Remix.run Logo
majke 2 hours ago

This has puzzled me for a while. The cited system has 2x89.6 GB/s bandwidth. But a single CCD can do at most 64GB/s of sequential reads. Are claims like "Apple Silicon having 400GB/s" meaningless? I understand a typical single logical CPU can't do more than 50-70GB/s, and it seems like a group of CPU's typically shares a mem controller which is similarly limited.

To rephrase: is it possible to cause 100% mem bandwith utilization with only or 1 or 2 CPU's doing the work per CCD?

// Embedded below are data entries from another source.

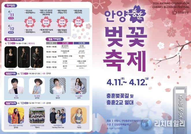 리치데일리 김상현 기자 | 안양시는 오는 4월 11일부터 12일까지 이틀간 만안구 충훈동 충훈벚꽃길과 충훈2교 하부, 석수로 일대에서 ‘2026 안양충훈벚꽃축제’를 개최한다고 8일 밝혔다.
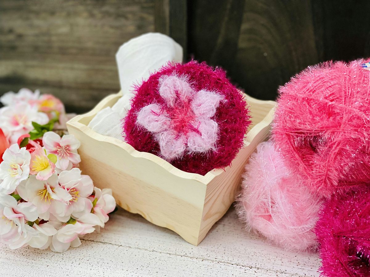 Enjoy the bright beauty of the cherry blossom, or Japanese sakura blossom, in scrubby form!Offered in "studio" presentation (students can choose to progress at their own speed, with minimal direct instruction)using a clever pattern by Astri Elisabeth and the popular basic Filip brand Korean scrubby yarn, Malia will show you how to layer your three pink scrubby yarns to make a three-dimensional flower whose petals are raised off of the body of the scrubby. Pattern will be practiced together with small amounts of acrylic yarn first, then students will move on to working with scrubby yarn. You will leave class understanding how this scrubby project is completed, creating 2 blossom scrubby pieces whose edges are then single crocheted together.
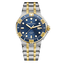 Еще одна новая версия AIKON Venturer выполнена из стали с позолоченными элементами оттенка желтого золота (2N). Если раньше модель была чисто функциональной, то сейчас Venturer предстает в новом свете. Теплый блеск драгоценного металла на звеньях браслета, заводной коронке и характерных для всей коллекции AIKON выступах на безеле придают особую роскошь этим часам. Темно-синий циферблат с отделкой «солнечные лучи» в сочетании с керамическим безелем того же оттенка подчеркивают спортивный характер модели. Выбор желтого золота и насыщенного синего цвета придает этим часам винтажный стиль в духе 80-х – новое направление в палитре Maurice Lacroix. Система замены браслета Easychange позволяет владельцу часов изменять их стиль за долю секунды. Данная модель, оснащенная автоматическим механизмом ML 115, пополнит основную коллекцию AIKON Venturer 43мм.
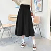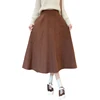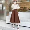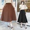 Qiukichonson Autumn Winter High Waist Brown Black Skirt Women Korean Style Elegant A-Line Midi Long Skirts Jupon
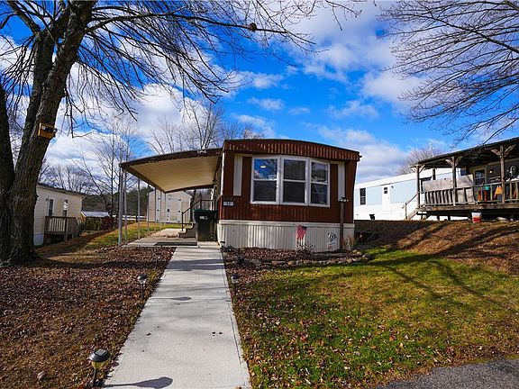 Welcome to this inviting 3-bedroom, 1-bath mobile home in Nis Hollow Estates, offering the perfect blend of comfort, convenience, and charm. Outside, enjoy a spacious covered concrete patio, ideal for relaxation or outdoor entertaining, plus a 12x12 shed with electric and a 2-car parking pad. Step inside to an open, welcoming floor plan where the eat-in kitchen flows seamlessly into the cozy living room, an ideal space for gatherings with family and friends. The living room and front bedroom have updated drywall for a fresh, modern feel. Additionally, this home offers peace of mind with newer mechanicals, including a heat pump with a 12-year warranty and a water heater with a 10-year warranty. A freshly poured concrete sidewalk completes the outdoor upgrades. With lot rent of $525/month covering sewer, garbage, and access to the community pond, this home is an outstanding value!
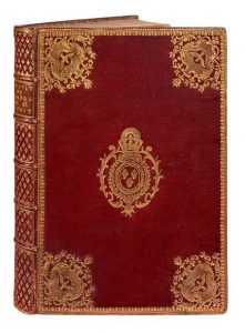 On y retrouve les fers de l'atelier de Guillaume Mercier, relieur de la bibliothèque du roi de 1721 à 1762 (reproduits dans Métivier).
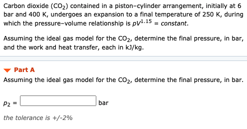 . Carbon dioxide CO 2 contained in a piston-cylinder arrangement initially at 6 bar and 400 K undergoes an expansion to a final temperature of 298 K during which the pressure-volume relationship is. 6b Carbon monoxide CO contained in a pistoncylinder arrangement. Determine the work done during the process.
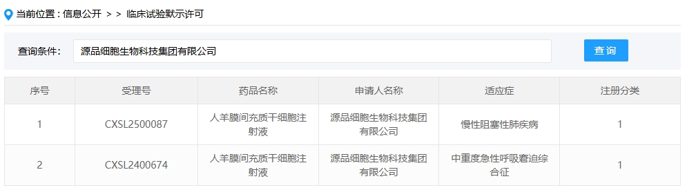 新增受理3:2025年1月27號,源品細胞生物科技集團有限公司的人羊膜間充質(zhì)干細胞注射液的臨床試驗申請獲受理(受理號:CXSL2500087)。這是該款細胞注射液第2次獲得受理,適應癥:慢性阻塞性肺疾病。
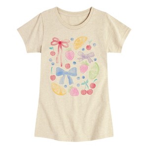 Girls' - Instant Message - Watercolor Fruit and Bows -Youth Girls Short Sleeve T-shirt Fitted Short Sleeve Graphic T-Shirt - 1 of 4
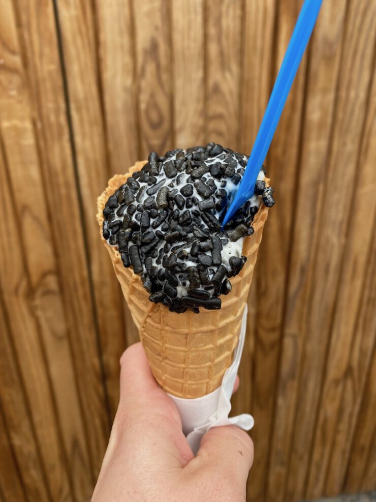 - Eigentümlich: Lakritzeis mit Salmiakstreuseln
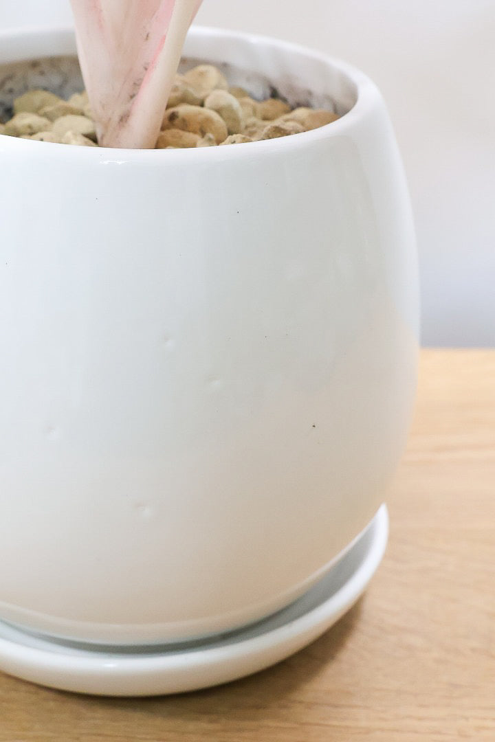 POTはマッドな質感のホワイトの陶器鉢。もちろん受け皿付きです!!
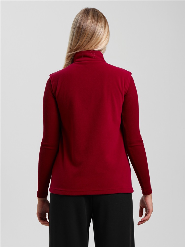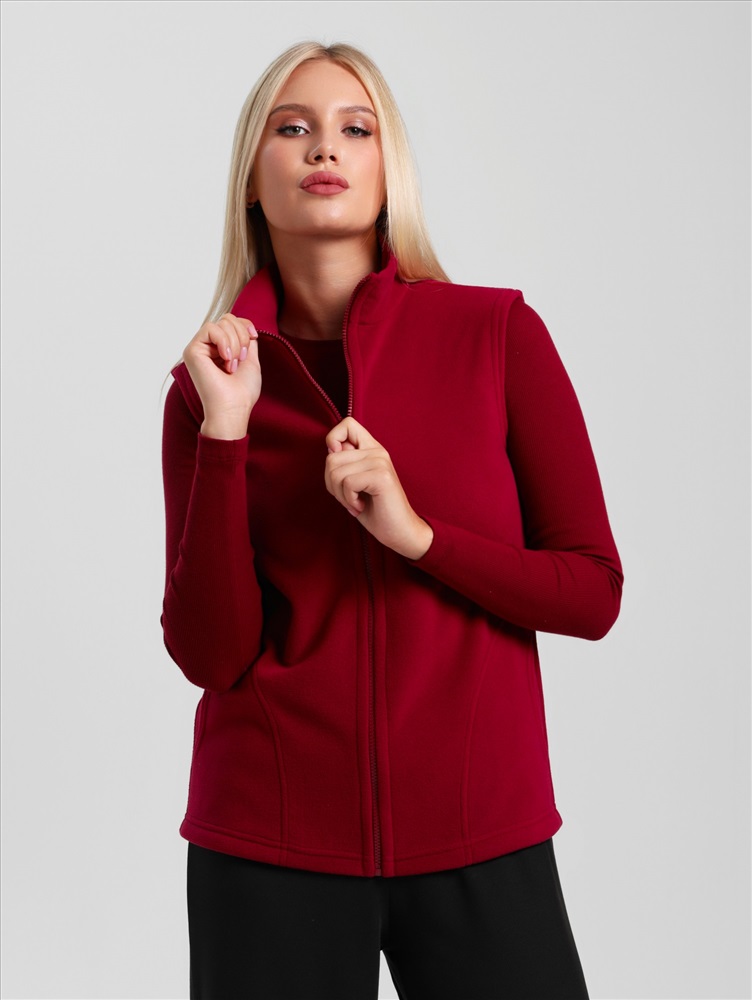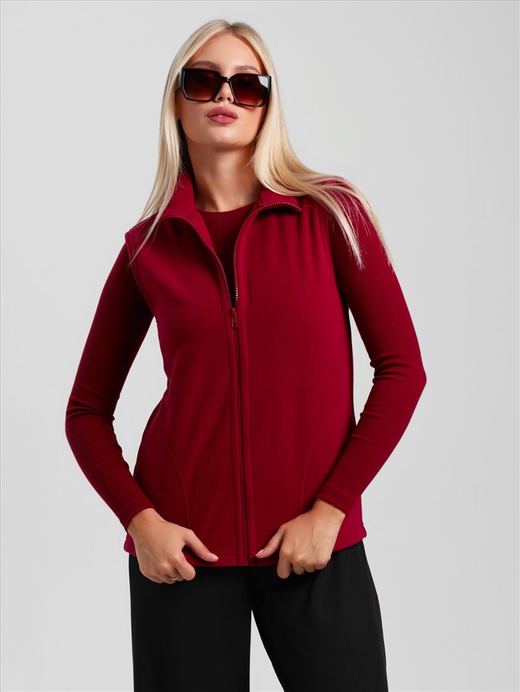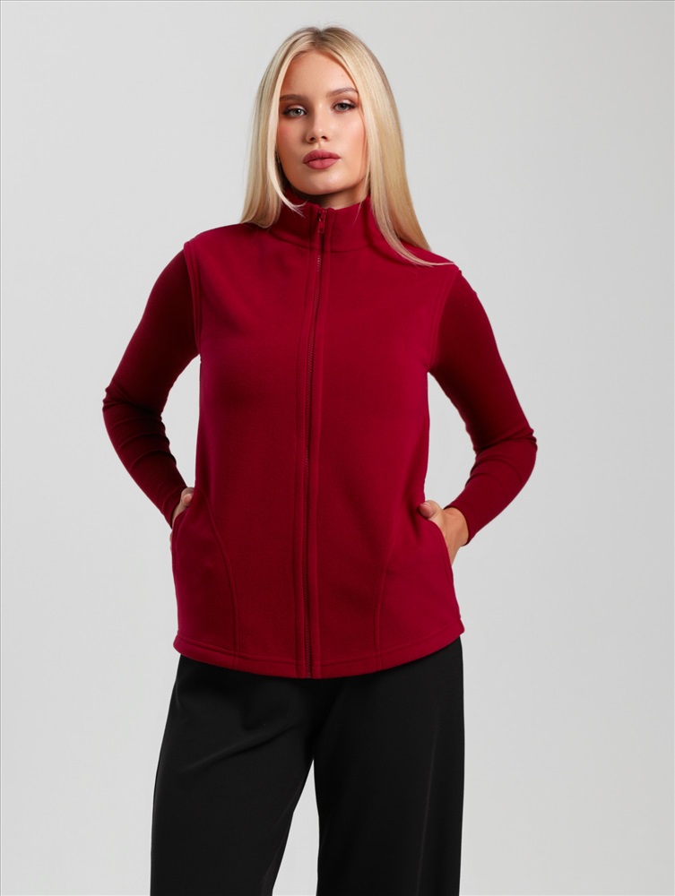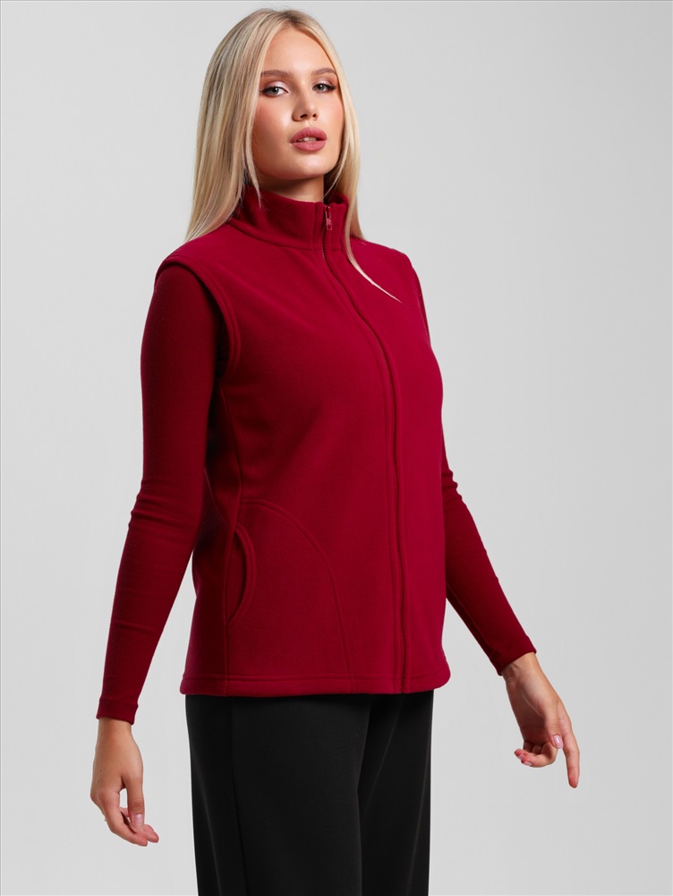 Жилет молодежный из трикотажного полотна «флис», полуприлегающего силуэта, воротником «стойка», карманами в боковых швах фигурной формы, центральной бортовой застежкой на тесьму «молния».
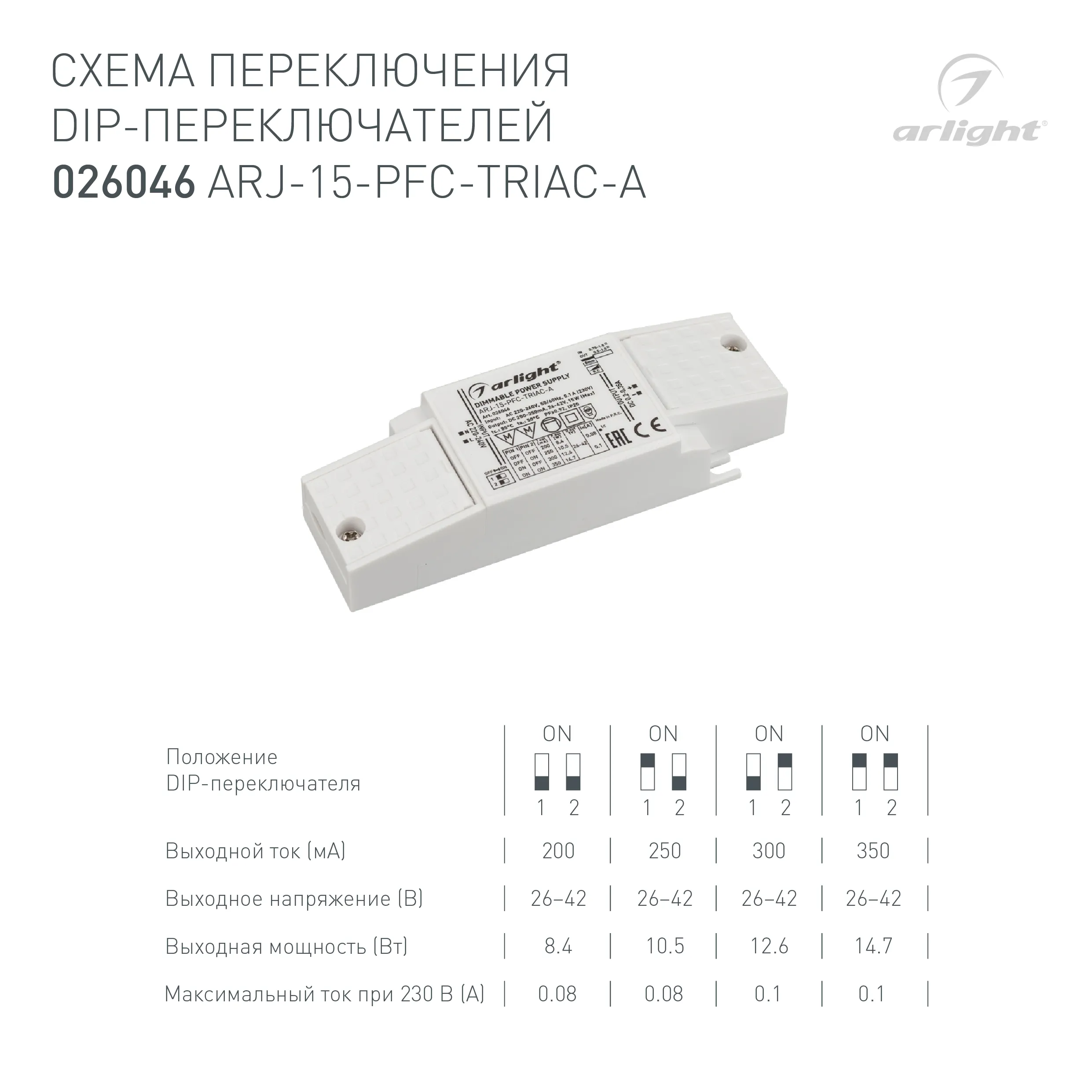 Блок питания ARJ-15-PFC-TRIAC-A (15W, 200-350mA) (Arlight, IP20 Пластик, 5 лет)
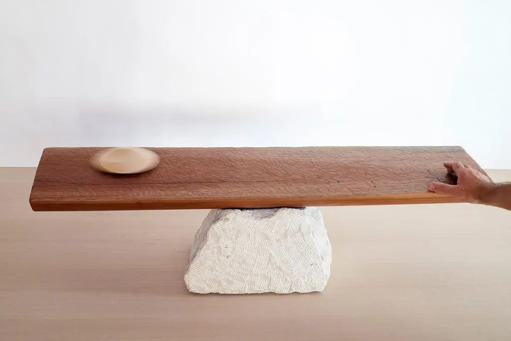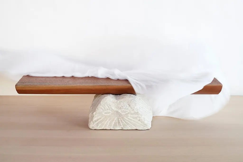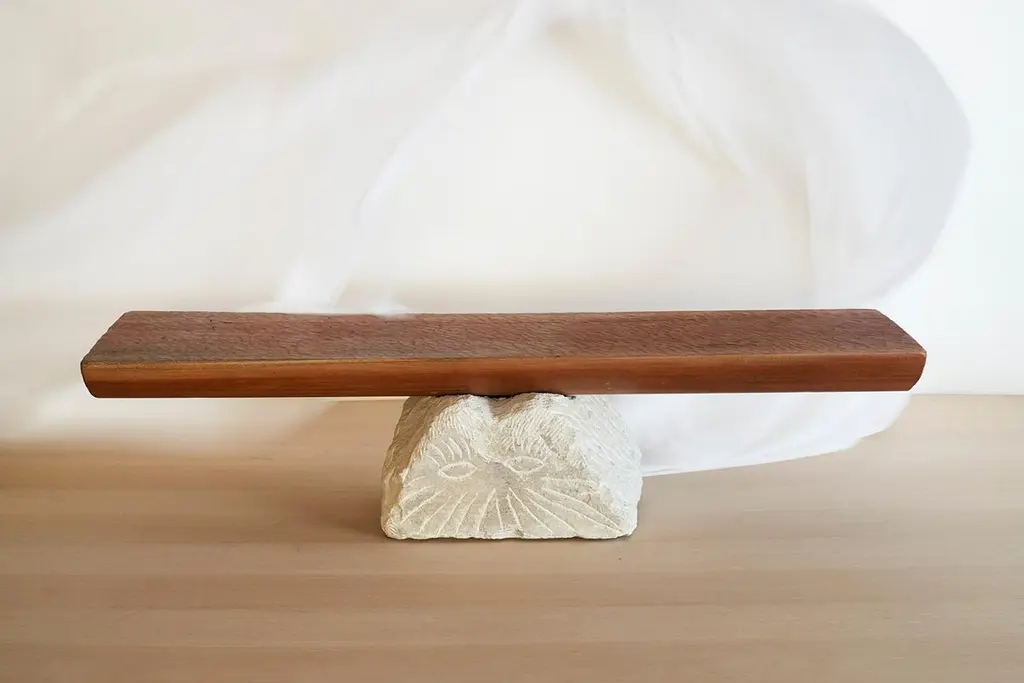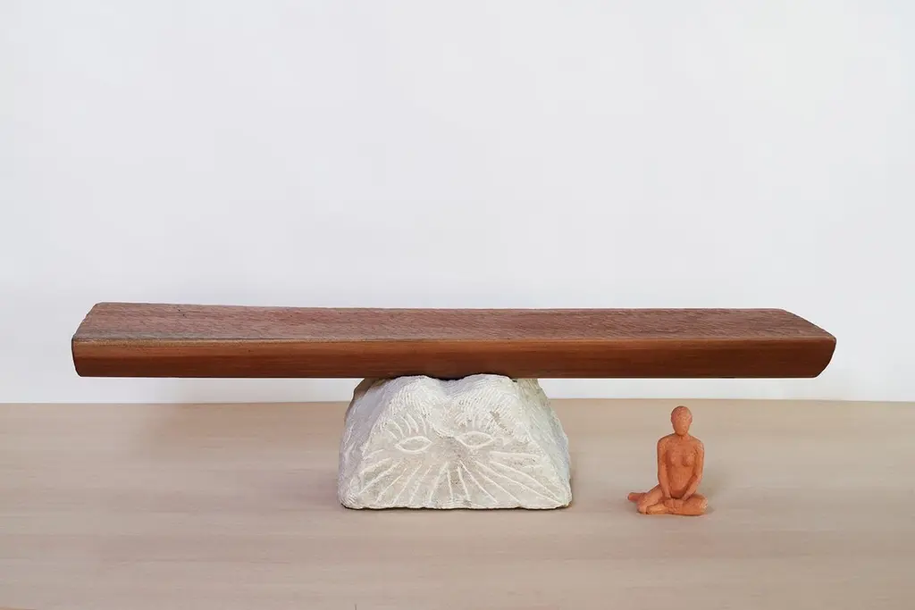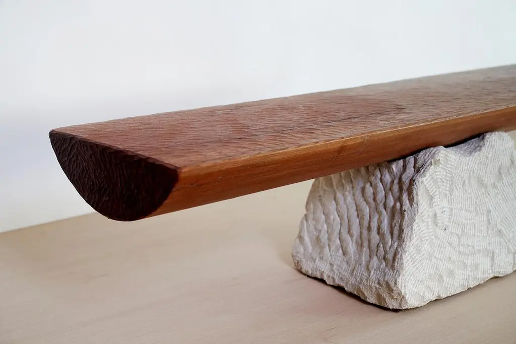Art Brut Low Table by Jean-Baptiste Van Den HeedeUnique pieceDimensions: L 35 x W 118 x H 35 cmMaterials: Stone, Wood.Low table or bench ART BRUT collection in stone and hand-carved wood. A piece that we can consider between art and design, can be seen as a sculpture. Jean-Baptiste Van den Heede defines himself as a cabinetmaker-designer and an artist of academic training and family tradition. He has achieved unique designs of national and international prestige and has several awards in avant-garde furniture.Born in Argentina in 1966, from an Argentine mother and a Belgian father. At 5 years of age he and his family moved to Belgium.To train as a wood professional, he first studied 4 years of carpentry. Then he continued training in cabinetmaking and carving for 5 more years. Always in search of contributing something more to his trade, he studied furniture and antique design, culminating this with the study of Sculpture at the Royal Academies of Fine Arts in Liège (Belgium) and graduating with honors.Work the stone, the wood and experience the forge. From the beginning it is directed towards a search for signs, abstract writings and unrealistic figures in analogy with other “primitive” cultures. He taught drawing and sculpture in Brussels at the private school “la main et l´ esprit” As well as summer courses in Liege (Belgium) “les ateliers d´art contemporain”.In 1995 he went to Barcelona where he taught and investigated the reliefs of different supports such as trees, floors, and especially sewer covers.He searched again analogies between current art and prehistoric, African art, etc.Participated in several exhibitions both at the artistic level and avant-garde design.In 2002, he moved down to Albacete and then to a town in the province where he still works.It is defined as “a search engine without haste or guidelines.” He says: “I only work when I feel a strong and positive inspiration invade me, an energy that I capture from matter, from the air and that I return doing the work until I feel a connection with it.”Private workshop of contemporary art in Letur (Albacete) until 2009.He currently works in his workshop-studio in the Sierra de Madrid (Guadalix de la Sierra) following his career as a cabinetmaker-designer and artist while teaching his trade to students interested in wood.
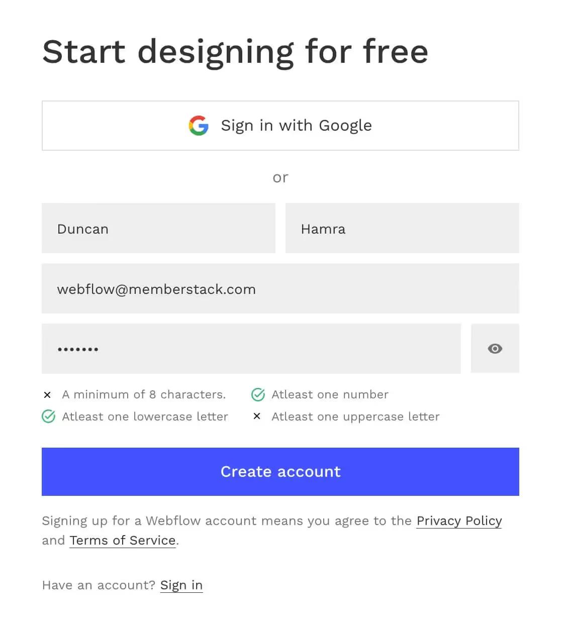 Webflow Sign Up Clone
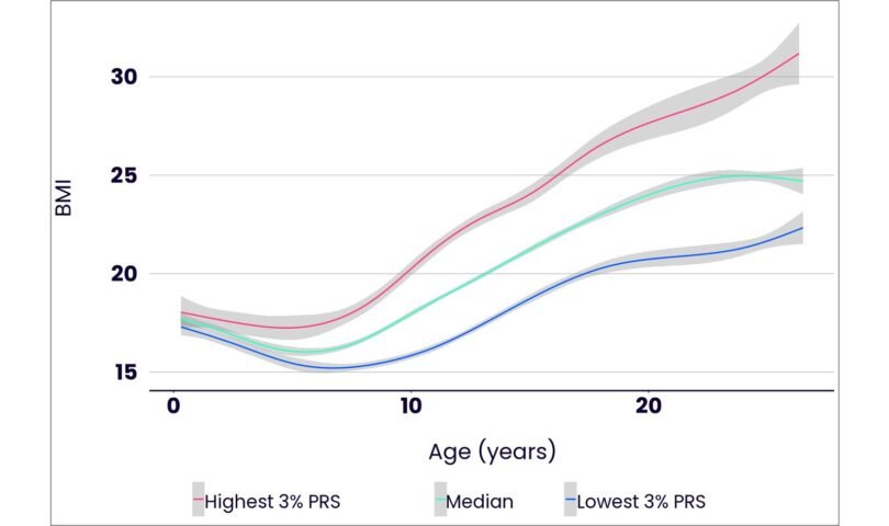 By the time a child reaches their 4th birthday, their BMI is already associated with their genetics. Adults in their 20’s with relatively high PRS scores for BMI will typically experience, over the next twenty years of their lives, an increase in BMI which is three times that experienced by those with relatively low PRS scores.
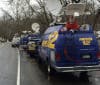 Media trucks from Connecticut and New York are on the scene in this normally quiet neighborhood. Media is not being allowed to enter the side of the road where the house is located. The home, located across a river, is right at the entrance to Mountain Laurel Road at the corner of Brookside Drive.

ryao 34 minutes ago | parent | next [-]

On Zen 3, I am able to use nearly the full 51.2GB/sec from a single CPU core. I have not tried using two as I got so close to 51.2GB/sec that I had assumed that going higher was not possible. Off the top of my head, I got 49-50GB/sec, but I last measured a couple years ago.

By the way, if the cores were able to load things at full speed, they would be able to use 640GB/sec each. That is 2 AVX-512 loads per cycle at 5GHz. Of course, they never are able to do this due to memory bottlenecks. Maybe Intel’s Xeon Max series with HBM can, but I would not be surprised to see an unadvertised internal bottleneck there too. That said, it is so expensive and rare that few people will ever run code on one.

KeplerBoy 2 hours ago | parent | prev [-]

Aren't those 400 GB/s a figure which only apply when the GPU with its much wider interface is accessing the memory?